Profiling the queuing service

Finally, I looked at applying all this new information to my queuing service. As a baseline, wget reports that I can currently download from it at 4.6 MB/s, with profiling compiled in but disabled:

There's some complicated copying going on because we're using the HTTP Chunked encoding, which writes the size of each chunk of data followed by the data itself, then the next chunk, etc. Since we know the length at the start, we can use the simpler Fixed encoding. This increases the speed to 5.2 MB/s. It's a shame the HTTP API uses strings everywhere: we have to copy the data from the disk buffer to a string on the heap to give it to the HTTP API, which then copies it back into a new buffer to send it to the network card. If it took a stream of buffers, we could just pass them straight through.

Finally, I added the read-ahead support from the block profiling above, which increased the speed to 6.8 MB/s. Here's the new graph, showing that we're sending packets much faster (note the change in the Y-scale):

I used a queue length of 5, with 33 sectors per request. I tried increasing it to 10, but that caused more GC work.

Conclusions

Even the unoptimised service is faster than my current (ADSL) Internet connection, so optimising it isn't currently necessary, but it's interesting to look at performance and get a feel for where the bottlenecks are.
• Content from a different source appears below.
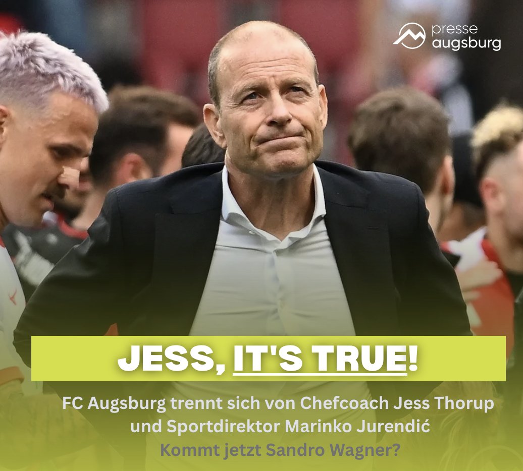 Was Presse Augsburg bereits am Mittwochabend exklusiv berichtete, ist nun offiziell: Der FC Augsburg leitet einen tiefgreifenden personellen Umbruch in der sportlichen Führung ein. Cheftrainer Jess Thorup und Sportdirektor Marinko Jurendić müssen den Verein verlassen. Wer Thorups Nachfolge antreten wird, wurde am frühen Freitagabend noch nicht bekannt gegeben. Nach Informationen von Presse Augsburg soll jedoch Sandro Wagner als neuer Cheftrainer bereitstehen.

Mirage doesn't have any specific profiling support, but the fact that the whole OS is a single executable makes profiling it quite easy. OCaml's profile option isn't a perfect fit for tracing because it doesn't record when a function finishes, but you can still get useful results from it. Graphing some metric (e.g. packets sent) over time seemed the most useful way to look at the data. I'm currently just using libreoffice's chart tool, but I should probably find something more suitable. It would be great to be able to zoom in easily, show durations (not just events), filter the trace display easily, etc. I'd also like support for following Lwt threads even when they block. Recommendations for good visualisation tools welcome!

Writing to the Xen console from Mirage is slow because xenconsoled rate limits us. Mirage still gets better performance than Linux though, and uses far less CPU (looks like Linux is just spinning). My UDP test kernel sent data faster than Linux's nc utility (probably because nc made a poor choice of payload size). Linux does very well on TCP. I don't know why it's so fast. Using Xen's TCP checksum offloading does help a bit though. SD card performance on Mirage is close to what the hardware supports when I choose the right request size and keep two requests in flight at once. It's surprising we don't manage the full speed, though. For networking and disk access, managing Xen's grant refs for the shared memory pages seems to take up a lot of time - maybe there are ways to optimise that.

With a few modifications (TCP checksum offload, HTTP fixed encoding, keeping multiple disk reads in flight and using optimal buffer sizes), I increased the download speed of my test service running on my ARM dev board from 2.46 MB/s to 7.24 MB/s (when compiled without profiling). I'm sure people more familiar with Mirage will have more suggestions.